16. Research Culture, Staying Updated, & the Danger of Hype
- Academic Papers:
- Contrary to perceptions, academic work matters—if it replicates/scales.
- Internal channels and expert recommendations drive reading decisions.
- "A lot of people look at things like Twitter...it’s really unfortunate that we’ve reached this point where things have to get a lot of attention on social media." — Noam [65:34]
Notable Quotes & Memorable Moments (with Timestamps)
-
On AI Steerability:
"We conditioned Cicero on certain concrete actions and that gave it a lot of steerability to say, okay, well, it's going to pursue a behavior that we can very clearly interpret and very clearly define." — Noam [04:10] -
On the “Reasoning Paradigm”:
"For me, O3, I've been using it a ton in my day to day life...it's kind of like a mini deep research that you can just get a response in three minutes." — Noam [05:48] -
On Harnesses Becoming Obsolete:
"The ideal harness is no harness. I think harnesses are like a crutch that eventually we’re going to be able to move beyond." — Noam [14:05] -
On the Limits of Self-Play:
"Self play outside of these two player zero sum games becomes a much more difficult, nuanced question...this is where the AlphaGo analogy breaks down." — Noam [54:33] -
On Research Culture & Hype:
"I would tell the grad students I was working with that like, you need to post it on Twitter ... there's a real art to it and it does matter. And it's kind of the sad truth." — Noam [65:54] -
On Civilization-Scale AI:
"The technology that we're seeing is the product of this civilization...I think the AIs that we have today are kind of like the cavemen of AI. And I think that if you're able to have them cooperate and compete with billions of AIs...the things that they would be able to produce...would be far beyond what is possible today." — Noam [43:51]

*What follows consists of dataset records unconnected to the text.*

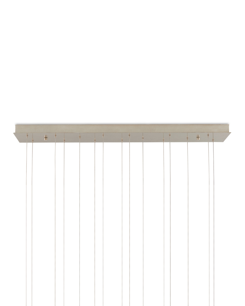 The shades of the Palatino Rectangular 15-Light Multi-Drop Pendant give the impression they are their own complete universes replete with their own Milky Ways. Made of two layers of glass - the interior white and the exterior blue - the shades shimmer with Mica dust that is tossed onto the surface of the molten glass, which is twisted to achieve the swirls that mimic the wonders of the night sky. The surfaces glimmer even when the lights are switched off. The canopy of this piece is luminous in a painted silver finish. This fixture is among Currey & Company's multi-drop pendant collection, which includes multiple configurations.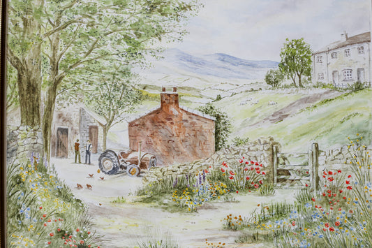 Original English Watercolor Painting of Farmyard in Spring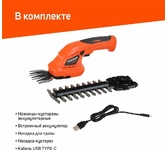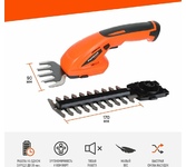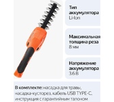 Частота ходов: 1100. Длина основного ножа для кустов: 160. Ширина ножа для травы: 80. Тип электропитания: от аккумулятора. Емкость аккумулятора: 1.5. Напряжение аккумулятора: 7.2. Тип аккумулятора: Li-Ion. Продолжительность работы от аккумулятора: 20. Время зарядки, около: 120. Индикатор заряда батареи: есть. Антиблокировочная система: нет. Защитное устройство ножа: нет. Защитный тормоз: нет. Ножи с алмазной заточкой: нет. Смена ножей без инструмента: есть. Комплект ножниц для травы и кустов: есть. Длина инструмента: 324. Высота инструмента: 125. Вес товара: 0.99. Комплект поставки: Ножницы садовые, кабель для зарядки Type-C, АКБ (встроен), сменные насадки (1 насадка установлена) – 2 шт., руководство по эксплуатации.. Аккумулятор в комплекте: есть. Зарядное устройство в комплекте: есть. Габариты упаковки (ед) ДхШхВ: 0.33x0.11x0.13. Вес упаковки (ед): 1.37. Страна производства: Китай. Гарантия: 12 мес.. Аккумулятор: Li-Ion, 7.2 В; 1.5 Ач. Частота ходов: 1100 ход/мин. Электропитание: от аккумулятора. Длина осно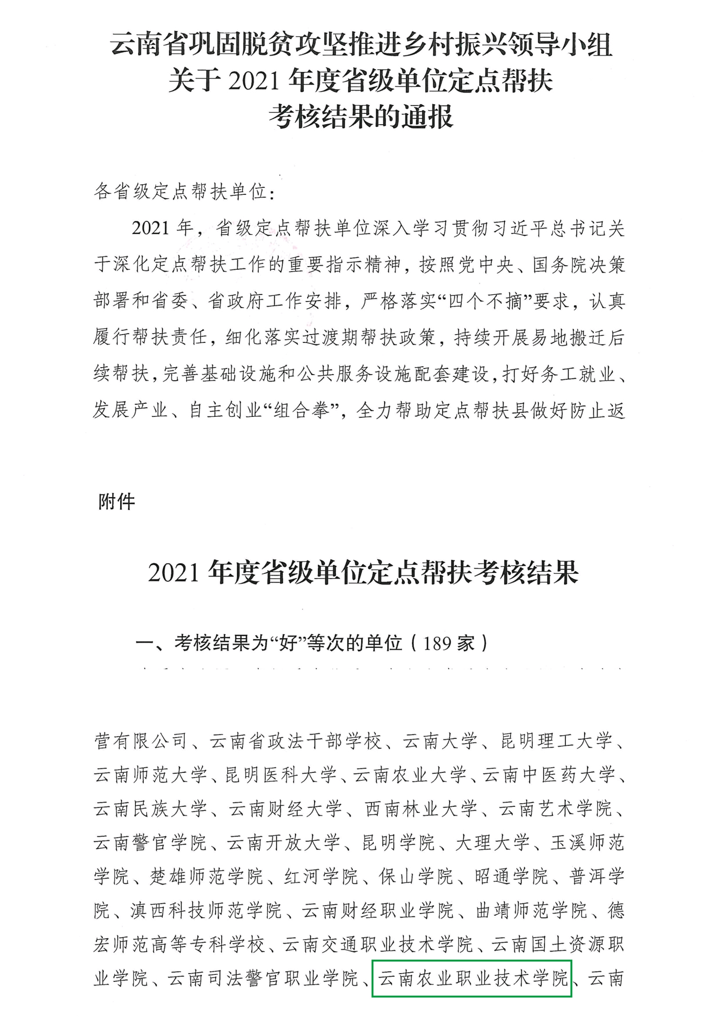 通知中心日前,云南省鞏固脫貧攻堅(jiān)推進(jìn)鄉(xiāng)村振興領(lǐng)導(dǎo)小組印發(fā)《云南省鞏固脫貧攻堅(jiān)推進(jìn)鄉(xiāng)村振興領(lǐng)導(dǎo)小組關(guān)于2021年度省級單位定點(diǎn)幫扶考核結(jié)果的通報(bào)》,此次考核共評選出“好”等次省級定點(diǎn)幫扶單位189家,“較好”等次省級定點(diǎn)幫扶單位12家。其中,我院榮獲2021年度省級單位定點(diǎn)幫扶考核“好”等次。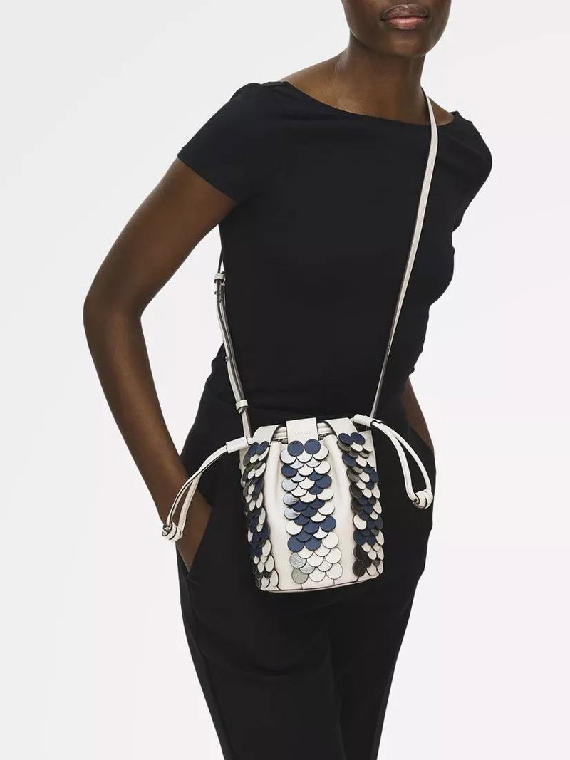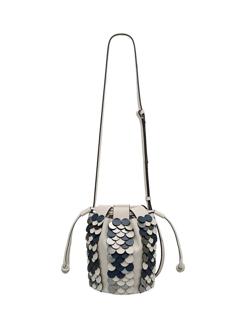 The Flora is reimagined with leather sequin embellishments, designed to scatter light even with minimal movement. Its signature bucket silhouette is layered with textured overlays, grounded by a neutral base that moves effortlessly from day to evening.
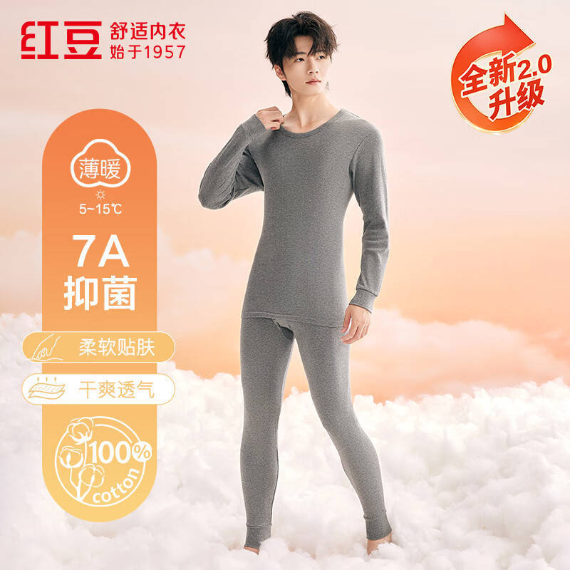 红豆内衣男7A抑菌升级秋衣秋裤纯棉套装圆领薄款打底保暖内衣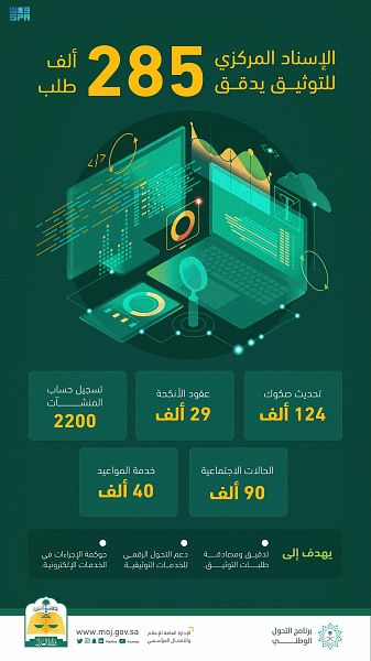 وأوضحت الوزارة، أن قائمة الطلبات اشتملت على أكثر من 124 ألف طلب تحديث صكوك، و2200 تسجيل حساب منشآت، و29 ألف تصديق عقود أنكحة، و40 ألف خدمة مواعيد، إضافة إلى نحو 90 ألف طلب حالات اجتماعية.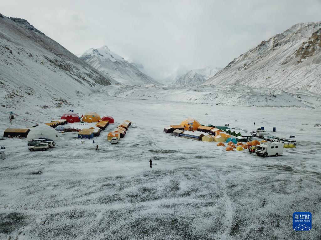 珠峰登山大本營(4月30日攝,無人機(jī)照片)。新華社記者 姜帆 攝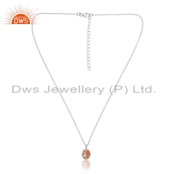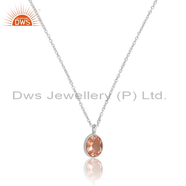 Sterling Silver Pendant And Necklace With Morganite Oval Cut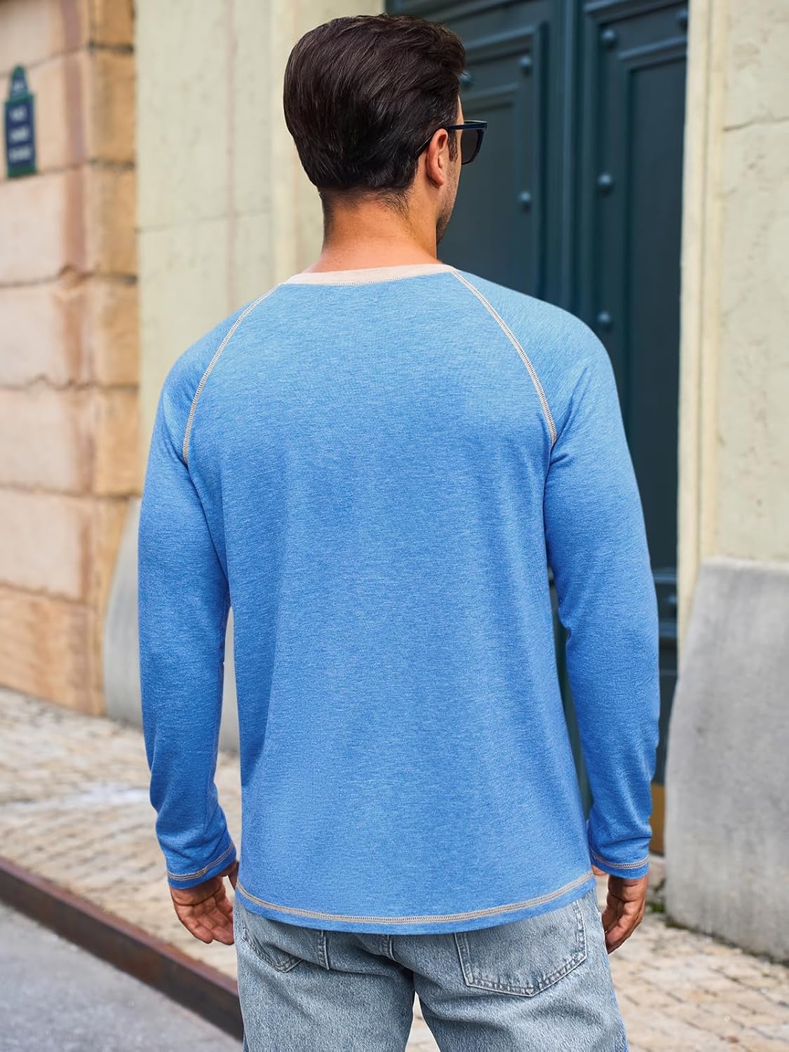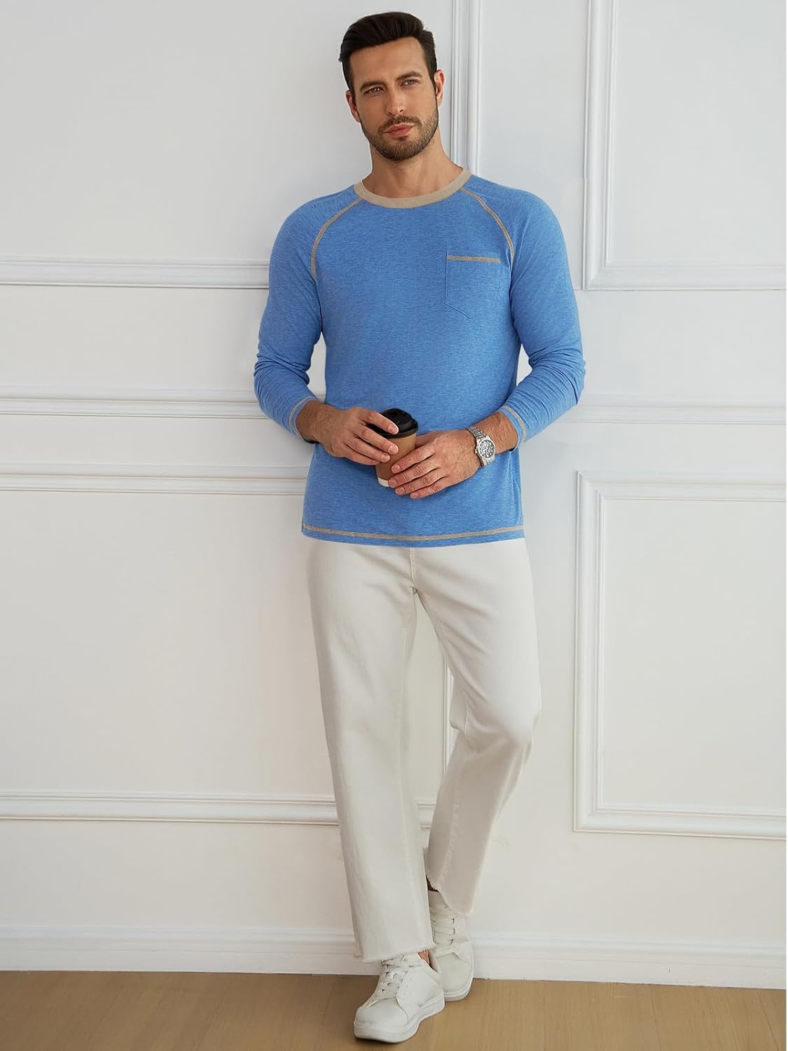 The video showcases the product in use.The video guides you through product setup.The video compares multiple products.The video shows the product being unpacked. Mens Long Sleeve Casual Basic Crewneck T-Shirt Merchant Video

Timestamps for Key Segments
- [00:53] — Impact of working on Cicero/Diplomacy on Noam’s play
- [04:08] — Safety and steerability of Cicero
- [07:18] — Deep research as an existence proof for non-verifiable domains
- [09:22] — Why “thinking fast and slow” only partially applies
- [14:05] — On tool scaffolding (‘harnesses’) and the future of model generality
- [19:23] — Routers’ demise as models unify
- [21:26] — RFT’s enduring value as models scale
- [25:45] — OpenAI’s internal debate over reasoning paradigms
- [34:43] — “Feeling the AGI” moments with coding assistants
- [43:51] — Civilization as a cooperative/competitive multi-agent system
- [54:33] — Why self-play breakthroughs in games may not map to general intelligence
- [69:31] — Long iteration times as a soft cap on scaling
- [72:11] — What to ask Greg Brockman about AGI’s future
- [73:12] — “Blood on the Clock Tower” as the new social game in Silicon Valley
Further Rapid Fire Insights & Recommendations
- Favorite Social Games:
"Blood on the Clock Tower" is replacing poker as the VC/game-night favorite [73:19] - Research Practices: Internal paper curations, channels, and (sadly) Twitter threads are essential for keeping up.
- Robotics:
Non-humanoid forms and novel applications (e.g., drones) are seen as high value. - Benchmarks Limitation:
Too much focus on testable, easily gradable problems stifles evaluation growth.
Closing Thoughts
Noam Brown’s session delivers hard-won insights from the front lines of AI research and engineering: a candid roadmap of how AI is racing beyond its training regimes, how the shift toward agentic and multi-agent intelligence redefines capability, and how the “bitter lesson” of scale continues to sweep aside hand-engineered shortcuts. The lessons—product, research, and philosophical—are invaluable for researchers, engineers, founders, and anyone charting their course through the fast-evolving AI landscape.